Keep in mind, however, that the estimates produced by this program do not take
into consideration the increased radiation exposure due to solar flare
activity.
Get a preflight briefing on solar flare activity.
Until recently, solar storms were considered to be unpredictable events. In
recent years, however, astronomers have discovered that certain observable
patterns on the surface of the sun are good predictors of upcoming solar flare
activity. One radiation physicist has recommended a real-time warning system
to alert airlines (and crewmembers and frequent flyers) of forecast solar
flare activity that increases in-flight radiation risk. Until such a system
exists, you can research the subject yourself by checking the current solar
activity reports (updated daily) at http://www.sel.noaa.gov/forecast.html.
Unfortunately, these forecasts are written for astronomers, not pilots, and
are a bit difficult to decipher. If there's enough interest, however, I'd be
willing to try to set up a mailing list of pilots who wish to receive
aviation-oriented solar flare warnings via email.
If you're pregnant, minimize your exposure.
Female crewmembers need to take special precautions to avoid occupational
exposure to radiation during pregnancy.

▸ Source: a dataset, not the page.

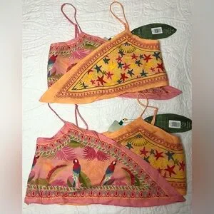 FARM Rio NWT Satin Print Scarf Tie Front Top
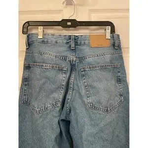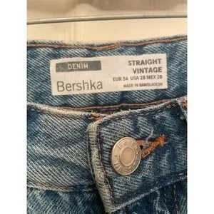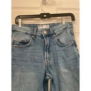 Keywords: Bershka jeans, denim, straight leg, vintage wash, light wash, casual, everyday wear, comfortable, classic, womens denim, mom jeans, boyfriend jeans

Try to avoid bidding long-haul,
high-altitude routes, especially those that involve flights in polar regions.
If your employer has difficulty with such requests, point out the reduced
maximum permissible radiation dose during pregnancy recommended by both the
NCRP and ICRP, as well as the FAA policy statement quoted earlier.
Further
reading
One of the most comprehensive and yet readable sources of information I've
found on this subject is a 100-page paperback book titled "The Invisible
Passenger -- Radiation Risks for People Who Fly" (ISBN 1-883526-06-X),
written in 1996 by Dr. Robert J. Barish (a radiation oncologist and expert on
in-flight radiation). I have obtained a limited number of copies of this excellent
book, so if you're interested in getting a copy, you can order a copy via my Web page
at http://www.aeromedix.com/radiation.html
or by toll-free telephone at 1-888-362-7123..
A comprehensive (and rather technical) article on this subject also
appeared in the January 2000 issue of Air Line Pilot magazine, written
by ALPA researcher Gary Butler, Ph.D.